Both state and federal courts have ruled that cars that pick customers up based on “e-hails” are prearranging rides, even if the car is cruising right by or just around the corner from the pickup spot.

But the furious yellow cabbies don’t see it that way.

“By allowing a company like Uber to come in and essentially do the same thing of on-demand service, they have gone against the contract that we had with them,” said Cabrera. “When someone uses the app to call for a cab, it’s the same as raising your hand in the street. This is why we paid hundreds of thousands and millions of dollars for these medallions, we thought the city would protect us.”

City officials say the court rulings show that it is regulating Uber as much as it has to.

“The issue has been litigated in state and federal court, and both found in favor of the TLC,” said agency spokesman Fromberg. “Plaintiffs are appealing both decisions and those appeals are pending.”

The impact is undeniable.

Thousands of yellow cabbies are in danger of losing their livelihoods, homes and retirement because the value of their taxi medallions has plummeted, and they are making little money, leaving them unable to pay off sky-high mortgages.

Drivers and lenders say the city has allowed Uber to turn the taxi industry into a veritable Lord of the Flies.

“Why would anyone want to pay for a medallion now when they can do the same exact thing without shelling out the money?” said Cabrera.

“I wouldn’t have bought mine if I had known the city was going to allow someone else to come in.”

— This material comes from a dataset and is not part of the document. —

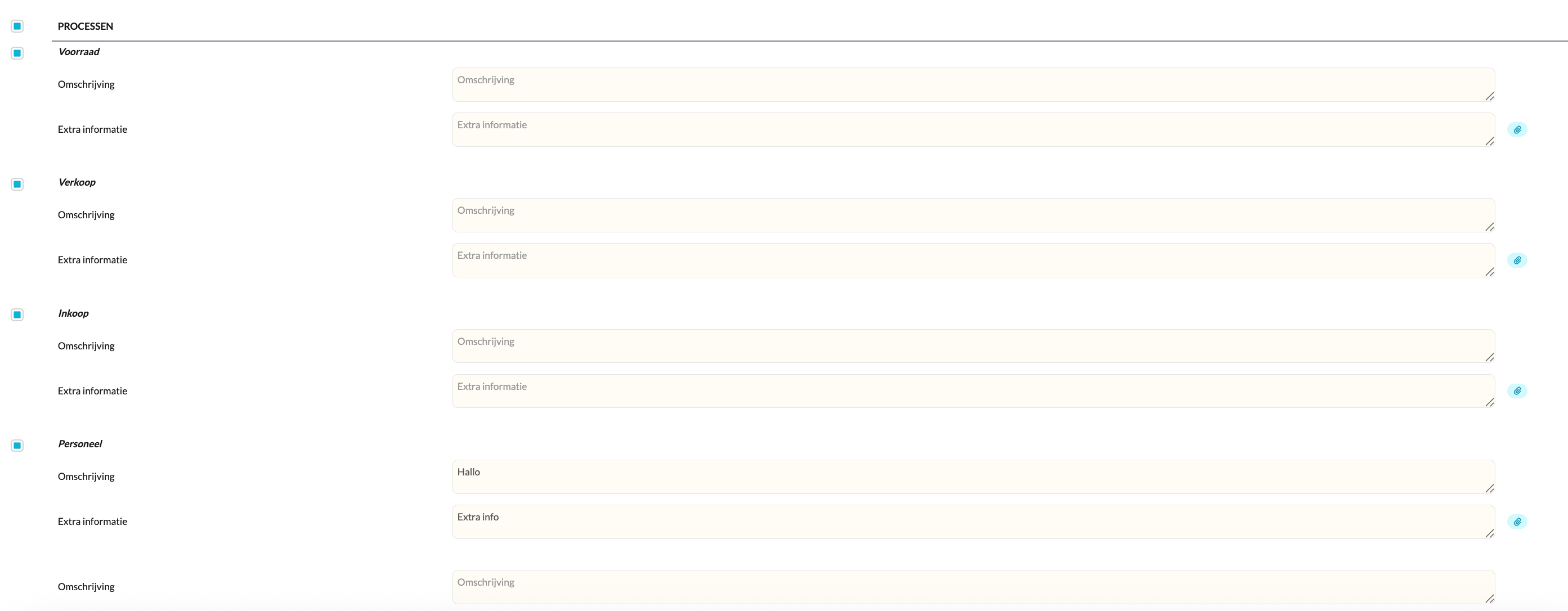 Per proces kun je een omschrijving en extra toelichting toevoegen.

Last summer, Mayor Bill de Blasio and the city council momentarily went toe to toe with Uber, proposing to severely limit the amount of new cars the app giant could add to city streets. But he quickly backtracked and the proposal was shelved.

There are other factors in the decline of the medallion — namely that the value was overinflated.

Taxi mogul Gene Freidman, who owns in excess of 860 medallions, more than anyone else in the city, has bragged about how he bought medallions for $1.3 million in 2013 to drive up the value of all the other ones he owned and make all of his investments look good.

The state had to take over another medallion lender, Montauk Credit Union, last year after the company tanked.

Murstein claims he saw the drop coming.

“Six years ago, we made the determination that the prices were too high,” said Murstein. “They were bound to fall. I believe that they have bottomed out now.”